**WHAT YOU ARE ASKED TO DO**
Transcribe word for word the section of the records below that opens with the line containing "Pool blade 20" and closes with the line containing "鴻海精密工業(Hon Hai Precision"; drop every picture.

**TASK INPUTS**
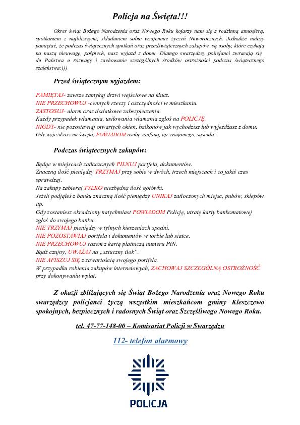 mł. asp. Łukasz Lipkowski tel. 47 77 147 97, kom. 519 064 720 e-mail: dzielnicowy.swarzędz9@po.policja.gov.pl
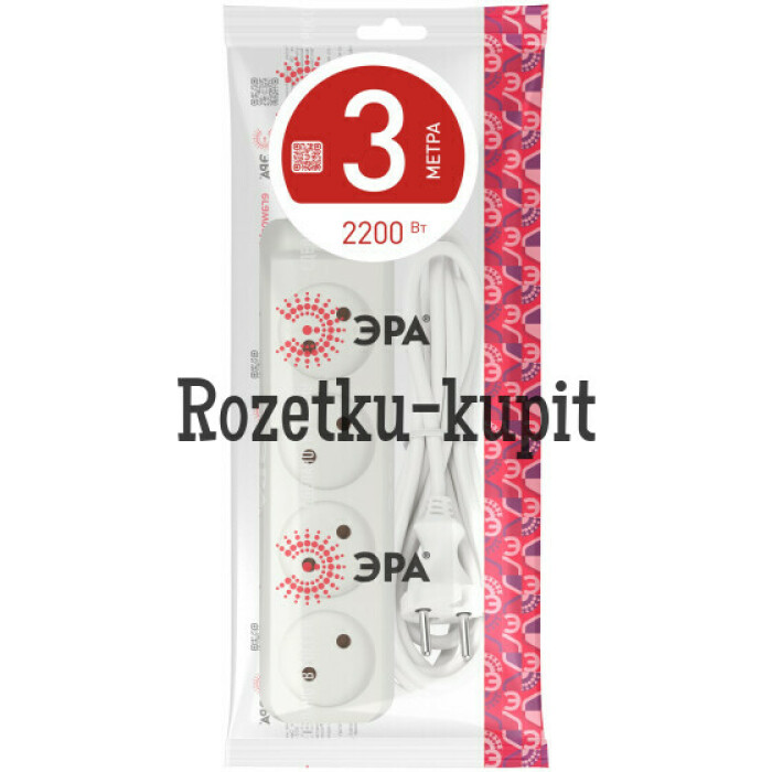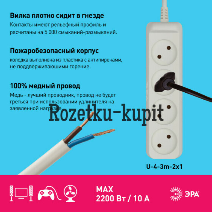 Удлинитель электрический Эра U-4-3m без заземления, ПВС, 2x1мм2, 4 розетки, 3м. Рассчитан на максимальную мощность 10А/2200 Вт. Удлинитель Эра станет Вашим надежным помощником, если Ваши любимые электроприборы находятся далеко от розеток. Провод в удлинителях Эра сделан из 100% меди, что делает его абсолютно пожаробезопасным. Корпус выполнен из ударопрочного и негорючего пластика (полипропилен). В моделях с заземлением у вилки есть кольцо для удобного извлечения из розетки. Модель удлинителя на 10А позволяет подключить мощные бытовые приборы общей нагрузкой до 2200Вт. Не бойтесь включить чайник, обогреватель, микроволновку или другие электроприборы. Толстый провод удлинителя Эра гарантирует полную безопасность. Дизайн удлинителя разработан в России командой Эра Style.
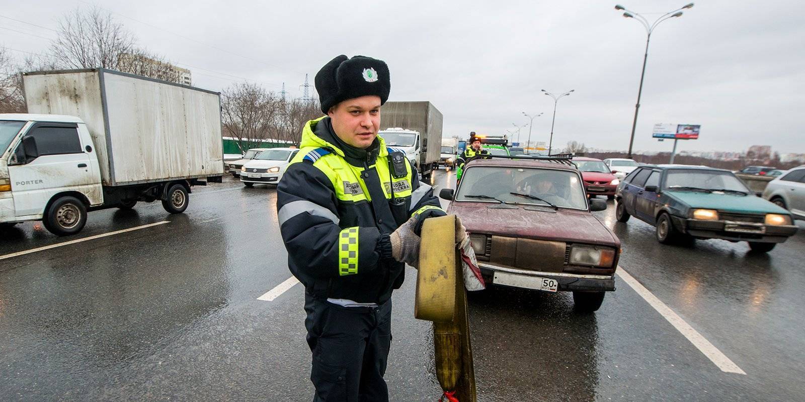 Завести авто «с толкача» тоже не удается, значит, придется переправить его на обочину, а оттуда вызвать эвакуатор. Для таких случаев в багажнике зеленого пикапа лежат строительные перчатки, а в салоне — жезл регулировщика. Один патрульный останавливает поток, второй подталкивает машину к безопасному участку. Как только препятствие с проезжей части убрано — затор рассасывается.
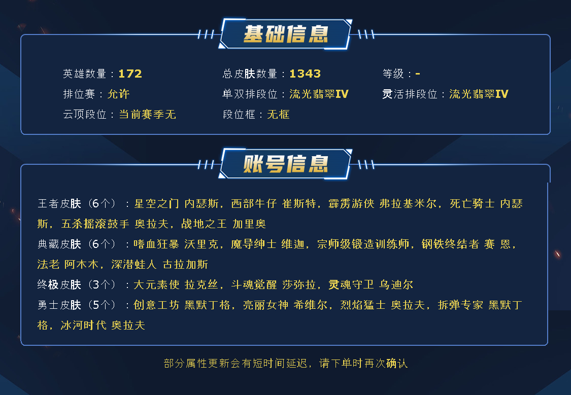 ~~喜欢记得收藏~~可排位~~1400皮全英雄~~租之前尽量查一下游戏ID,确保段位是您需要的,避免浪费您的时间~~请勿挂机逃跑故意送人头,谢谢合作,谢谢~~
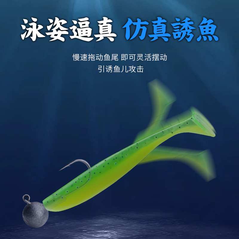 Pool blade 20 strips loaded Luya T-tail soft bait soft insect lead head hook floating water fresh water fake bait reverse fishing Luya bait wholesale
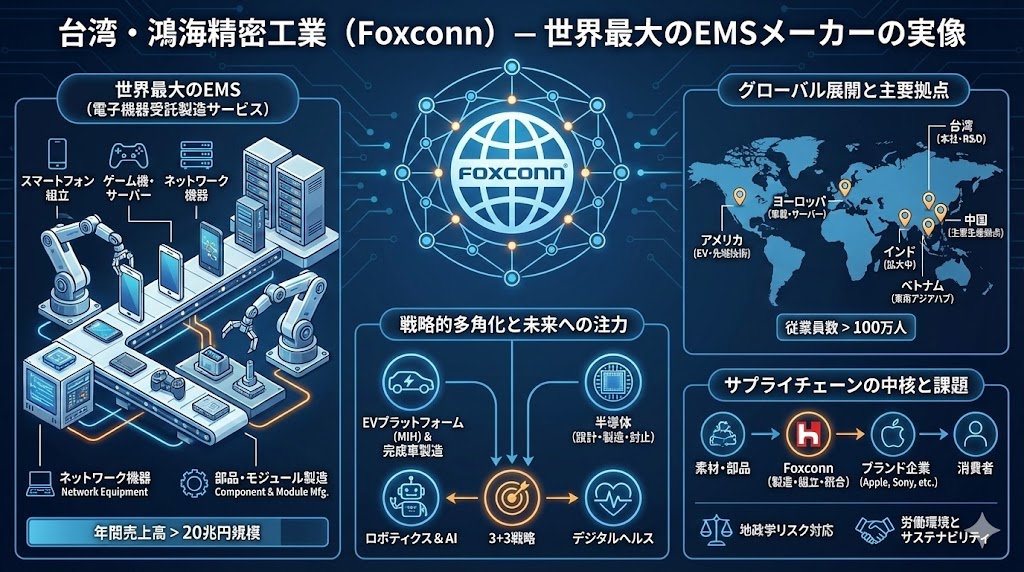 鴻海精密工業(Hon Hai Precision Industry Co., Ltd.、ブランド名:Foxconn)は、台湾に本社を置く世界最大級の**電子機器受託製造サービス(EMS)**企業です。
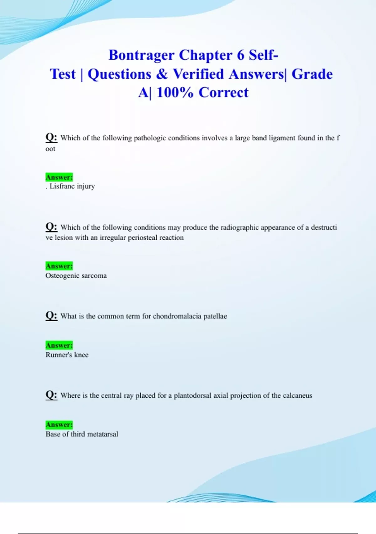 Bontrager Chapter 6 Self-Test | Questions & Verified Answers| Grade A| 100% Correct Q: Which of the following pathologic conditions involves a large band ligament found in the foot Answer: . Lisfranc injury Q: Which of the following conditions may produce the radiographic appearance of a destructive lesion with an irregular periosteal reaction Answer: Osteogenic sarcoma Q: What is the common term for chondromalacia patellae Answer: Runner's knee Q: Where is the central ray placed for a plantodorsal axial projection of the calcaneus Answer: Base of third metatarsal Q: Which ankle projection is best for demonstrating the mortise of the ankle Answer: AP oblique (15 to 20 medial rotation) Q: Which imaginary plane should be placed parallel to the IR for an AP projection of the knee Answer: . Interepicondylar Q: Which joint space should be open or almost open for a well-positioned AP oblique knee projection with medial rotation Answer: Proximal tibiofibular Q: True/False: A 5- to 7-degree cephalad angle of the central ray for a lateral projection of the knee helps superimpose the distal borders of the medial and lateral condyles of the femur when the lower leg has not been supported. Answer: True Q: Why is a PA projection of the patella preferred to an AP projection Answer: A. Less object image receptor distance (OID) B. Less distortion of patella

---

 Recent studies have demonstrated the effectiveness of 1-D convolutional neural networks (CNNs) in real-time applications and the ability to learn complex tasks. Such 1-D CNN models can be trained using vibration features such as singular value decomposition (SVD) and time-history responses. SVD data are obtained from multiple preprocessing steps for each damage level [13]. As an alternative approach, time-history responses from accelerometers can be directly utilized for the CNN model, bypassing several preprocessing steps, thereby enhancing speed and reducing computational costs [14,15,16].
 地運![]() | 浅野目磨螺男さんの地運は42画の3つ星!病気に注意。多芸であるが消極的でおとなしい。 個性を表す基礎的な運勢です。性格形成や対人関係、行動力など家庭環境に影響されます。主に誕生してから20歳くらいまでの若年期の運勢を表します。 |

**EXPECTED ANSWER**
 Pool blade 20 strips loaded Luya T-tail soft bait soft insect lead head hook floating water fresh water fake bait reverse fishing Luya bait wholesale
 鴻海精密工業(Hon Hai Precision Industry Co., Ltd.、ブランド名:Foxconn)は、台湾に本社を置く世界最大級の**電子機器受託製造サービス(EMS)**企業です。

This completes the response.